Сильнее политических демонстраций отложились в памяти жуткие шествия мусульман-шиитов в рубахах из мешковины или холста. С закрытыми глазами я вижу, как идут они по улицам и ритмично выкрикивают:
— Шахсей-вахсей! Шахсей-вахсей!
И в такт словам хлещут себя металлическими цепями на деревянных рукоятках. Цепи бьют по оголенным лопаткам — для этого в рубахах специально сделаны вырезы — и рассеченная кожа сочится кровью. Наиболее фанатичные надрезают себе легкими отточенными кинжалами лбы возле обритого темени, кровь заливает их лица.
— Шахсей-вахсей! — вопят окровавленные рты. Именно так на слух воспринимается причитание «шах Хусейн, вах, Хусейн!» — «владыка Хусейн, о, Хусейн!».
Ежегодные десятидневные церемонии «шахсей-вахсей» представляют собой поминовение третьего шиитского имама Хусейна. Окровавленные, вопящие процессии притягивали нас, мальчишек, как магнит, хотя родители запрещали даже приближаться к фанатикам. Говорили, что после посещения мечети они смывали свою «священную» кровь в особых банях.

Носили мы штаны и рубашки, пошитые из мешковины. Обзывали «буржуями» тех, у кого на одежду пошли мешки от крупчатки или ханского риса, который привозили из Персии.
Пшенную кашу, заправленную луком, который поначалу жарили на кунжутовом масле, мы считали деликатесом. Когда этого масла не стало, мама жарила лук на рыбьем жире, а когда не стало в аптеках и рыбьего жира, в ход пошла обычная касторка.
На ногах у нас, как, впрочем, и у большинства взрослых, отлично сидела самодельная деревянная обувь. Две платформы соединялись на сгибе кожаными или матерчатыми накладками. Правда, из дерева постоянно вылезали гвозди, и ступни у всех кровоточили. То и дело мы останавливались, подбирали камень и вколачивали гвоздь назад.

Мы тучей носились по мощеным булыжником улицам, толпились перед гостиницей, на балконах которой торчали худые, докрасна загорелые, спортивного вида англичане, в чьей власти на время оказался город. Изредка в толпу голодных мальчишек, бурлившую на Ольгинской улице, они бросали диковинные заморские фрукты, похожие на бананы или длинный стручковый перец. Англичан забавляли жестокие драки, разгоравшиеся из-за этих подачек. Скоро мы узнали, что довольно вкусные фрукты служат кормом обозным мулам.

Англичане не только стояли на балконах. По бакинским улицам с хозяйским видом разгуливали потешные шотландские стрелки в клетчатых юбчонках, да огромные синекожие сипаи-индийцы с белыми тюрбанами на голове. Однако более всего меня потрясло другое. Краем уха я слышал дома, что Фрида Клионская, дочь владельца промысла, где работал отец, вышла замуж за англичанина, по национальности еврея, и вместе с ним уезжает из Баку.

Отца мобилизовали на защиту города от наступавших турок. Однажды днем он появился в солдатской, цвета хаки, одежде, в тяжелых и скрипучих ботинках, обмотках до колен, с винтовкой, небрежно закинутой за плечо. Поцеловал нас, успокоил рыдавшую у него на груди маму и ушел, пообещав вскоре дать о себе знать.
Но проходили дни, а известий все не было.

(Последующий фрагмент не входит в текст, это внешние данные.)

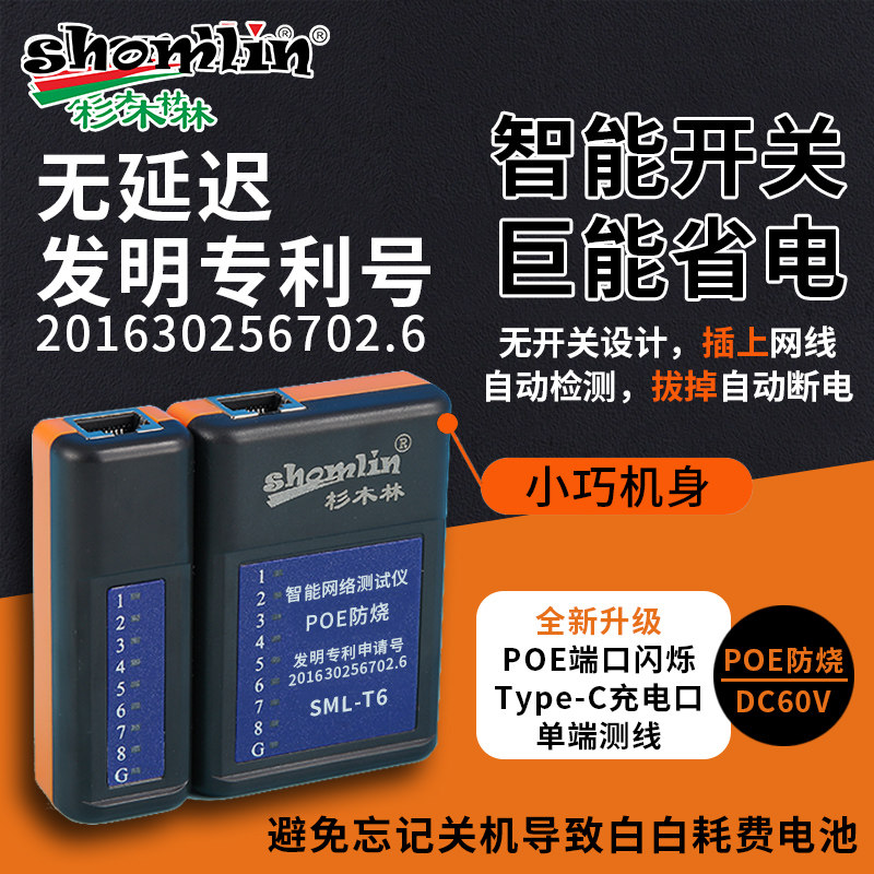 为您提供商品T6网线测线仪电工强电网线无延时测试仪无开关POE防烧测线器测试仪器迷你型电话线网线检测器两用 杉木林SML的详细介绍,
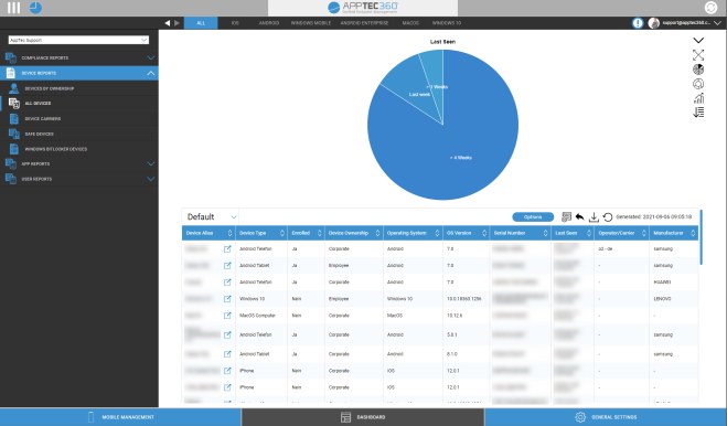 Bitte beachten Sie, dass Sie nur manuell ändern können, welche Daten angezeigt werden. Die gewählte Berichtskategorie definiert die Daten, auf denen dies basiert. So können Sie z.B. niemals Android-Geräte im iOS-Bericht in Geräteberichte Alle Geräte iOS sehen.

Рокот канонады делался все ближе, все тревожнее. Наконец турки принялись бить из пушек по нефтепромыслам, полукольцом охватившим город. Мы, стайка девятилетних мальчишек, сидя на крыше соседнего дома, слушали разрывы и гадали, куда угодит следующий снаряд. Дым пожаров застилал небо, а всполохи багрового пламени казались нам прекрасными.

Прихватывал и голод, порой в день обходились куском хлеба, испеченного из отрубей, да тарелкой горячего варева. В конце концов в доме из еды осталась лишь картофельная шелуха. Бычки, которых мы вместе с моим приятелем Колей Самфировым ловили прямо в Бакинской бухте, как назло отказались клевать на наши удочки. Вот тогда нам с Колей и пришла в головы мысль сбегать на фронт, к родителям. Линия его проходила у Волчьих ворот, на холмах, окружавших город.

Задумано — сделано. Несмотря на порывистый норд — северный ветер — нагнавший низкие тяжелые тучи, моросивший холодный дождь, мы с Колей около полудня пустились в неблизкий путь, километров за двадцать. Сначала карабкались вверх по узким раскисшим улочкам, потом месили грязь на пустынном Нагорном плато. Изредка нас обгоняли направлявшиеся к фронту подводы с припасами. Когда мы наконец услышали треск выстрелов, прибавили шагу.
У первого же окопа нас остановили. Спросили, куда идем, кого ищем. А выслушав, велели спуститься в окоп и ждать. Скоро подошли наши отцы, ругая и обнимая нас одновременно.
Укрыв меня полой шинели, отец подробно расспрашивал о нашем житье-бытье. У меня хватило ума промолчать о невзгодах, зато расписать скромные семейные успехи.
Свидание было коротким. Минут через пятнадцать нас уже отправляли восвояси, вручив каждому по караваю теплого солдатского хлеба. Сунув его поглубже за пазуху, мы припустили домой. Под гору летели, словно на крыльях.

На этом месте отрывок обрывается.